Director:  Saul Dibb

Rated:  M

Release:  October 23 - November 14, 2018

Distributor: Icon

Running time: 107 minutes

Worth: $17.00
FilmInk rates movies out of $20 — the score indicates the amount we believe a ticket to the movie to be worth

Cast:
Paul Bettany, Sam Claflin, Asa Butterfield, Stephen Graham, Toby Jones

Intro:
…quietly moving…

The sheer horror of the first World War is captured in sobering detail in this quietly moving adaptation of a powerfully emotive play of the same name. First performed in 1928, just ten years after the end of the war, R.C. Sherriff’s drama brought the reality of the anxiety and claustrophobia of trench warfare to theatre-goers.

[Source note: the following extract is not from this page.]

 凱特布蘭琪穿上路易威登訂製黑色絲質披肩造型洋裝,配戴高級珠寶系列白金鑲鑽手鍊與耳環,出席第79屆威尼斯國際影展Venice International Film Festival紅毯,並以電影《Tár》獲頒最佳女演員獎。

This film is the fourth cinematic outing for the story. Directed with intensity by Saul Dibb (The Duchess) and featuring a collection of memorable performances, Journey’s End is the story of a contingent of British soldiers in France waiting for a German attack.

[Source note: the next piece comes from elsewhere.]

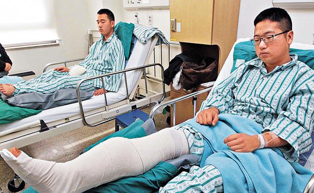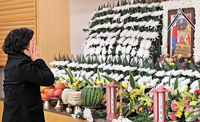 在首爾市郊一間軍方醫院,昨天愁雲慘霧,兩名喪生軍人的親友在追思會上痛哭,其中一名母親為失去22歲兒子悲慟不已,嚎叫「讓他回來呀」,心力交瘁下更雙腿發軟仆前,親友急忙扶着她。

The young and inexperienced officer Raleigh (Asa Butterfield) is keen to see the war for himself. He also wants to meet up with former school house-master and potential brother-in-law Captain Stanhope (Sam Claflin), a leader with rapidly diminishing coping skills and a perspective overwhelmed by anger and alcohol.

Raleigh is soon introduced to the other members of the group, including the wise and peacefully dejected former school teacher Osbourne (Paul Bettany) and the no-nonsense plain speaking Trotter (Stephen Graham). Some brief moments of gallows humour are also provided by the less than 3 hat culinary offerings from the trench cook Private Mason (Toby Jones).

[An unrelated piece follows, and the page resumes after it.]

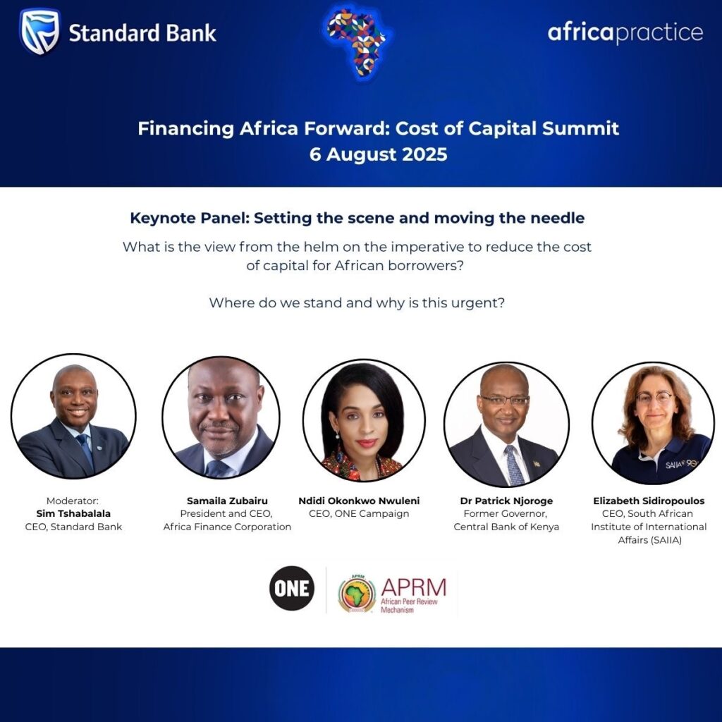 JOHANNESBURG, AUGUST 6 2025 – The Financing Africa Forward Summit, co-hosted by Standard Bank and Africa Practice, in partnership with the ONE campaign and APRM, marks a pivotal moment in the ongoing campaign to address the costs African issuers of debt face.

While the jumping off point for the story is undoubtedly Raleigh’s swift education in the ways of the war, and the blood, mud and scent of death that accompany it, it is as the film moves on to the unbearable wait for the attack that it really comes into its own. The mental unravelling of Stanhope is agonising to watch. Claflin does an excellent job in creating this eminently believable character of a man as close as can be to absolute breaking point.

The injustices of how soldiers were contemptuously treated as little more than statistics by the ruling elite is also strongly focused on. While the soldiers dine on tinned fruit and tea with bits of onion in it, the generals are served formal dinners and fine wine. Food and drink becomes an obsession with the men, as the torturous wait goes on with little to alleviate it but more alcohol.

The timeless story of conflict and assessing the value of life and death is shown in all its power. Asking all sorts of questions of nationality and patriotism 100 years after the culmination of World War One, Journey’s End provides a stark retelling of the grim truth of that most senseless of conflicts.